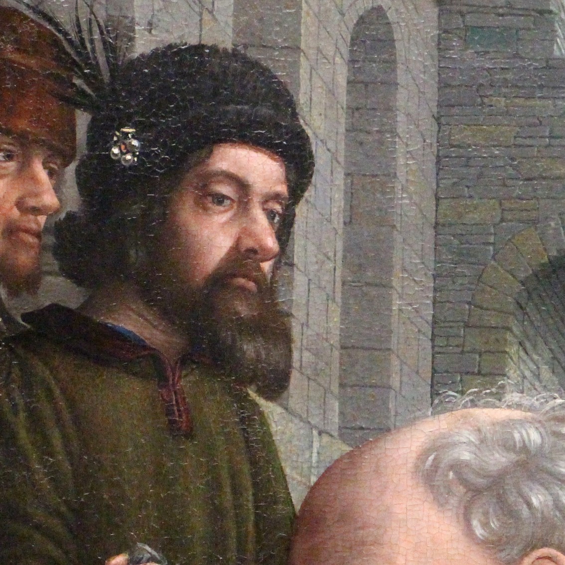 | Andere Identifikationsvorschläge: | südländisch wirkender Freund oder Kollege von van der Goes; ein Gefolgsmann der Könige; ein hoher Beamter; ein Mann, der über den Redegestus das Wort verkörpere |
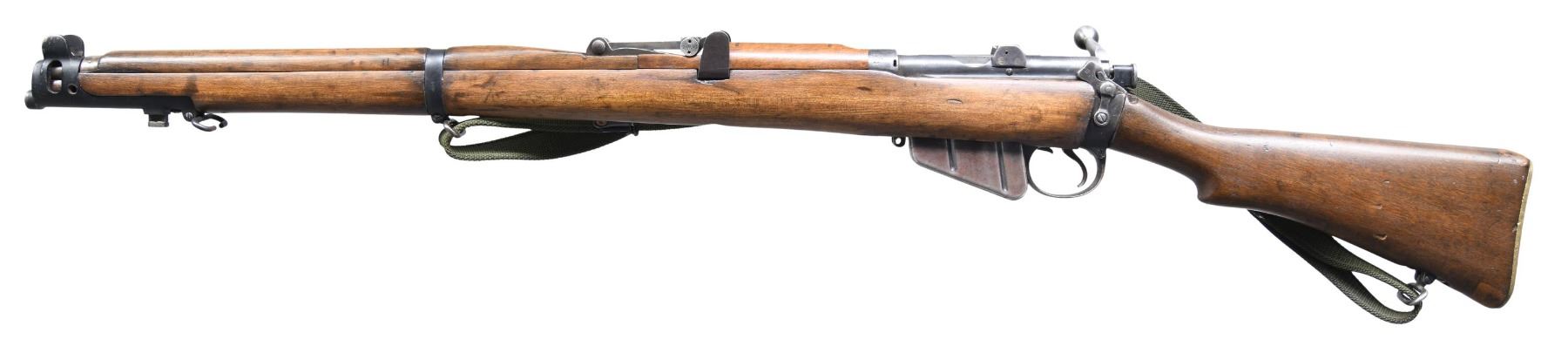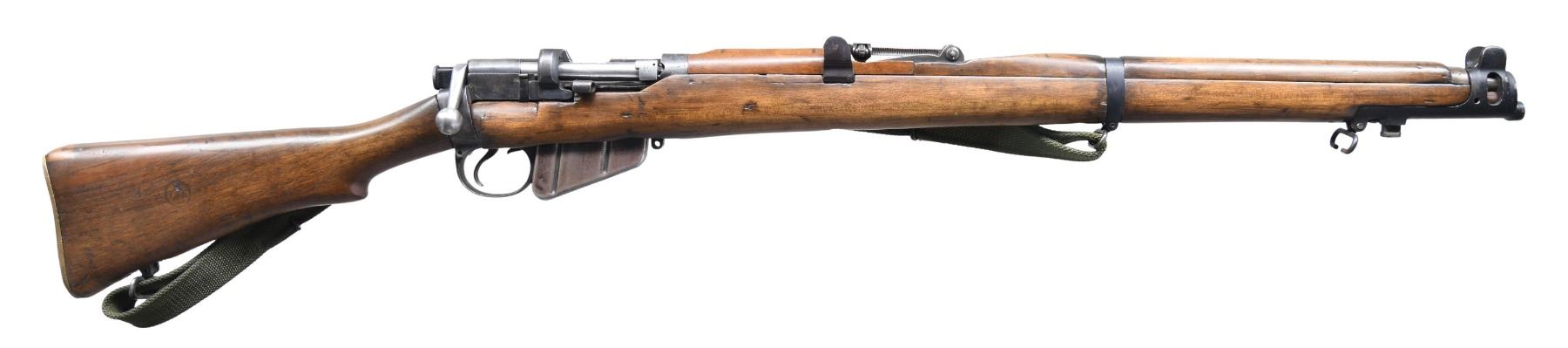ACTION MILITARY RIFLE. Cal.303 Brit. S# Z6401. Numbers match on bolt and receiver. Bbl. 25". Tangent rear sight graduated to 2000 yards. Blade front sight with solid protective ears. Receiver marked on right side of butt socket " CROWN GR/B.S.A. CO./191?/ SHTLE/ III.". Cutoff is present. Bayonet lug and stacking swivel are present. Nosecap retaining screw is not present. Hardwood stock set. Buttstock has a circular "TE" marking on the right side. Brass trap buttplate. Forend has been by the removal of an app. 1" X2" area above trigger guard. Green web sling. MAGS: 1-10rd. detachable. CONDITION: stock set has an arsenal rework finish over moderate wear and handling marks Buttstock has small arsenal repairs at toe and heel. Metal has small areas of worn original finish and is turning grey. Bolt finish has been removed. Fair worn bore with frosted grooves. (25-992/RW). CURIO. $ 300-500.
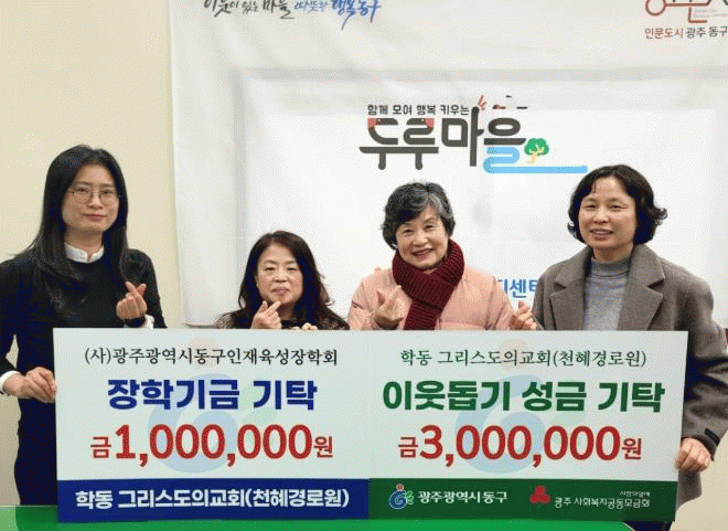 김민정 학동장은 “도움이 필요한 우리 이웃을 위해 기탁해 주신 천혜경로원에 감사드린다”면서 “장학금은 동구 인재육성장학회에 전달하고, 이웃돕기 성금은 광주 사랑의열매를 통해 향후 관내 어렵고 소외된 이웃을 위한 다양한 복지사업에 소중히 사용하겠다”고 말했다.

+++

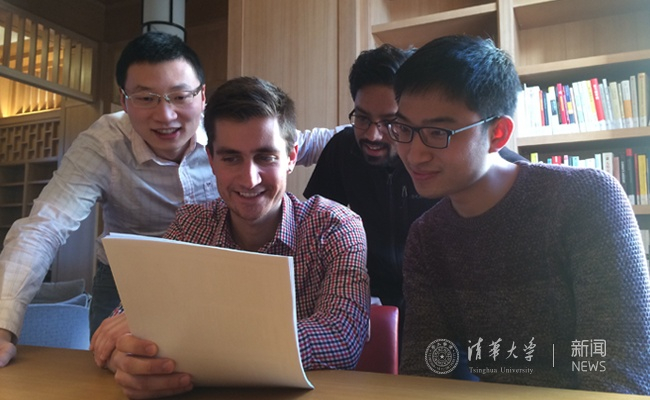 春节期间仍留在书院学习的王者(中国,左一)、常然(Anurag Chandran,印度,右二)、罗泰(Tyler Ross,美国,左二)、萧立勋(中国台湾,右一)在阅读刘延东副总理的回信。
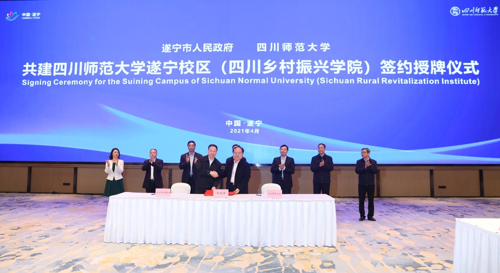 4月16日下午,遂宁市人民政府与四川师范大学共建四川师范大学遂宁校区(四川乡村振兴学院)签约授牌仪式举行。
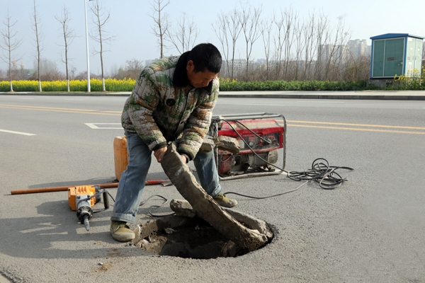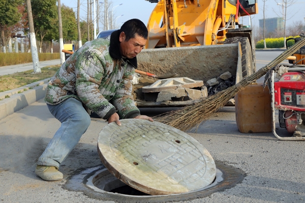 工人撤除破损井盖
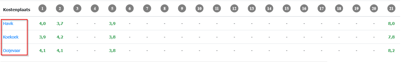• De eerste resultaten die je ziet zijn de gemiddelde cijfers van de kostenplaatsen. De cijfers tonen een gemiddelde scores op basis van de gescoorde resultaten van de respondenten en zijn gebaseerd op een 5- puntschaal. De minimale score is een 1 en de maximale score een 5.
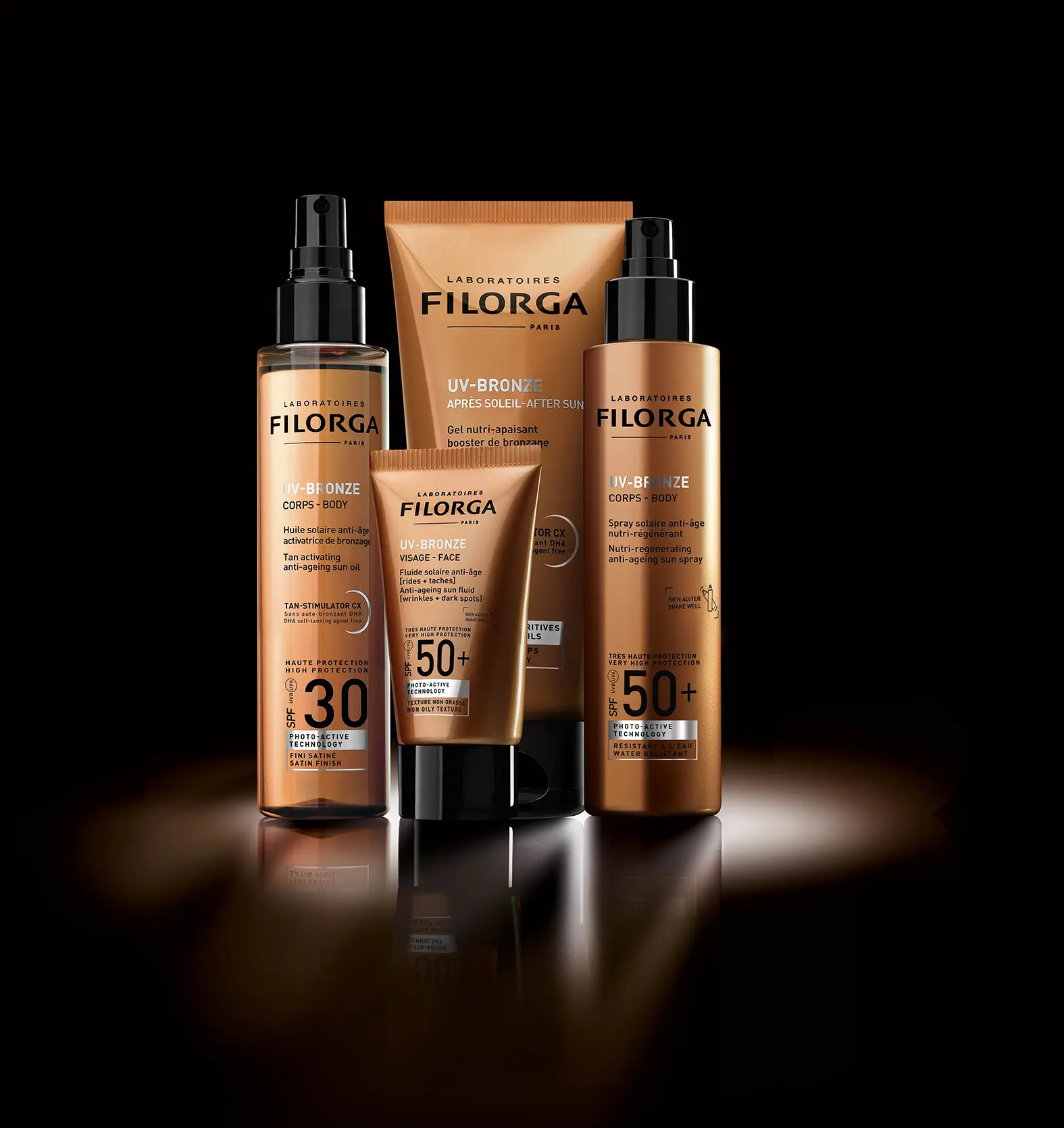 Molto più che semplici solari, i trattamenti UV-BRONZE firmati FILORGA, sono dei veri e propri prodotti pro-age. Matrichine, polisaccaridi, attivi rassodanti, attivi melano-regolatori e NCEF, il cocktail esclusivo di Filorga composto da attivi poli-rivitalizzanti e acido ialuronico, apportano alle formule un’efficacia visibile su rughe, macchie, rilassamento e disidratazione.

+++

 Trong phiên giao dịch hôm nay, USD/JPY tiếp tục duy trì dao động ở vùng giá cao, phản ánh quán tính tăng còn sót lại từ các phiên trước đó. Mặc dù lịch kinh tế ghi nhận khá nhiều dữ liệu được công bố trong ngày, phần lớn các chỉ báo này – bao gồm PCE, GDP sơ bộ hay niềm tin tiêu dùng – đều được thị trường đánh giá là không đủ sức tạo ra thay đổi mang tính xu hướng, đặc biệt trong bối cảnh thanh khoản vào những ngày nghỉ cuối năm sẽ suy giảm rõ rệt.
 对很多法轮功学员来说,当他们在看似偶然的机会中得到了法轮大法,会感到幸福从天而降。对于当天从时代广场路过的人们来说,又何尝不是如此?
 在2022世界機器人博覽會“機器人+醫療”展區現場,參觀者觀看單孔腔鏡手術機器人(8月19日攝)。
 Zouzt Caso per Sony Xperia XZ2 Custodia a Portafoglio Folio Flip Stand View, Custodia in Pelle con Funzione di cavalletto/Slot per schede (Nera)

+++

*EXERCISE DETAILS:*
From the data above, retype only the lines starting with the line with "Wort verkörpere |" and going on through the line with "ACTION MILITARY RIFLE.", exactly, leaving out the pictures.

*TASK OUTPUT:*
 | Andere Identifikationsvorschläge: | südländisch wirkender Freund oder Kollege von van der Goes; ein Gefolgsmann der Könige; ein hoher Beamter; ein Mann, der über den Redegestus das Wort verkörpere |
ACTION MILITARY RIFLE. Cal.303 Brit. S# Z6401. Numbers match on bolt and receiver. Bbl. 25". Tangent rear sight graduated to 2000 yards. Blade front sight with solid protective ears. Receiver marked on right side of butt socket " CROWN GR/B.S.A. CO./191?/ SHTLE/ III.". Cutoff is present. Bayonet lug and stacking swivel are present. Nosecap retaining screw is not present. Hardwood stock set. Buttstock has a circular "TE" marking on the right side. Brass trap buttplate. Forend has been by the removal of an app. 1" X2" area above trigger guard. Green web sling. MAGS: 1-10rd. detachable. CONDITION: stock set has an arsenal rework finish over moderate wear and handling marks Buttstock has small arsenal repairs at toe and heel. Metal has small areas of worn original finish and is turning grey. Bolt finish has been removed. Fair worn bore with frosted grooves. (25-992/RW). CURIO. $ 300-500.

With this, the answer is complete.